The Rise of “Ghost Law”: AI, Fake Citations, and Judicial Risk in India




1. Introduction: The Gavel and the Algorithm

On February 17, 2026, a profound paradox played out in New Delhi. At the Bharat Mandapam, representatives from 88 countries were signing the "New Delhi Declaration," pledging to build a human-centric, trusted AI for global governance. Simultaneously, just a few kilometers away, a Bench of the Supreme Court led by Chief Justice of India (CJI) Surya Kant was issuing a warning of an entirely different nature. The Court flagged an "alarming" trend of lawyers filing petitions citing cases like Mercy vs Mankind—a landmark authority that possesses the fatal flaw of being entirely non-existent.

As the legal profession grapples with a staggering backlog of over 5.4 crore pending cases, Artificial Intelligence is migrating from administrative automation to the core of the adjudicatory function. While India positions itself as a global leader in AI ethics, its courtrooms are already confronting the first systemic failures of agentic AI: the rise of "ghost law." We are at a crossroads where the drive for efficiency threatens to collide with the foundational integrity of the rule of law.

2. Takeaway 1: "Mercy vs Mankind" and the Rise of Ghost Citations

The phenomenon of "hallucinated" judgments has transitioned from a technical quirk to a documented courtroom reality. During the February 17 hearing, the Bench—including Justices BV Nagarathna and Joymalya Bagchi—recalled instances where petitions cited not just non-existent cases, but also invented quotations within real judgments.

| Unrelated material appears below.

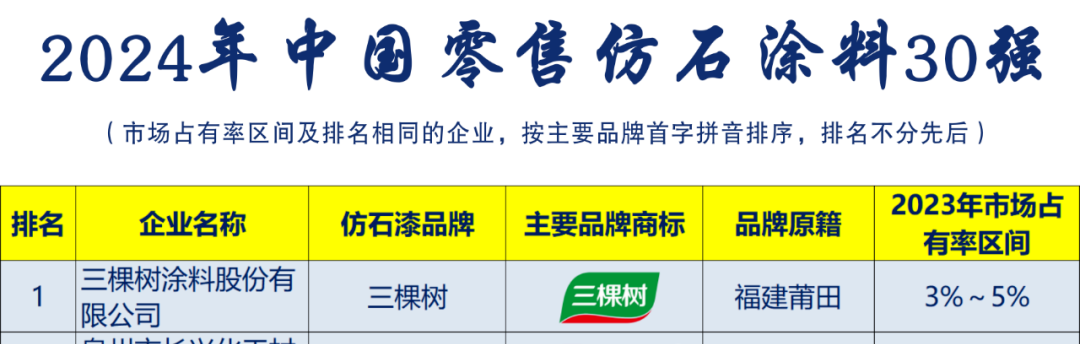 日前,涂料行业媒体《涂装新视野》发布了“2024年中国零售仿石涂料30强”榜单,三棵树一马当先,蝉联榜首。这已是三棵树连续第二年荣登“中国零售仿石涂料30强”的榜首。

These "ghost citations" occur because generative AI models prioritize linguistic fluency over factual accuracy. Designed as predictive engines, they assemble party names and volume numbers into formats that appear authentic because they are statistically probable in a legal context, not because they exist in a verified database. This creates a critical threat to judicial legitimacy, shifting the court's focus from high-level reasoning to clerical verification.

"There was a case of Mercy vs Mankind which does not exist... [this creates] an additional burden on the part of the judges who must now independently verify basic citations before engaging with a petition's merits."  

3. Takeaway 2: When an AI Error Becomes Judicial "Misconduct"

The judiciary has signaled that the "good faith" defense for AI errors is reaching its expiration date. In August 2025, an additional junior civil judge in Vijayawada dismissed objections in a property dispute by citing four Supreme Court judgments—including the fictitious Subramani v. M. Natarajan (2013) 14 SCC 95. The judge admitted to using an AI tool for research and failing to verify the results, a mistake the Andhra Pradesh High Court initially excused as a "good faith" error.

However, on February 27, 2026, the Supreme Court took a far sterner view. Staying the proceedings, a Bench of Justices P.S. Narasimha and Alok Aradhe declared that a decision founded on fake AI judgments is not a mere "error in reasoning" but constitutes professional misconduct. By invoking "considerable institutional concern," the apex court has made it clear: when an algorithm compromises the integrity of the adjudicatory process, the legal consequence falls squarely on the human operator.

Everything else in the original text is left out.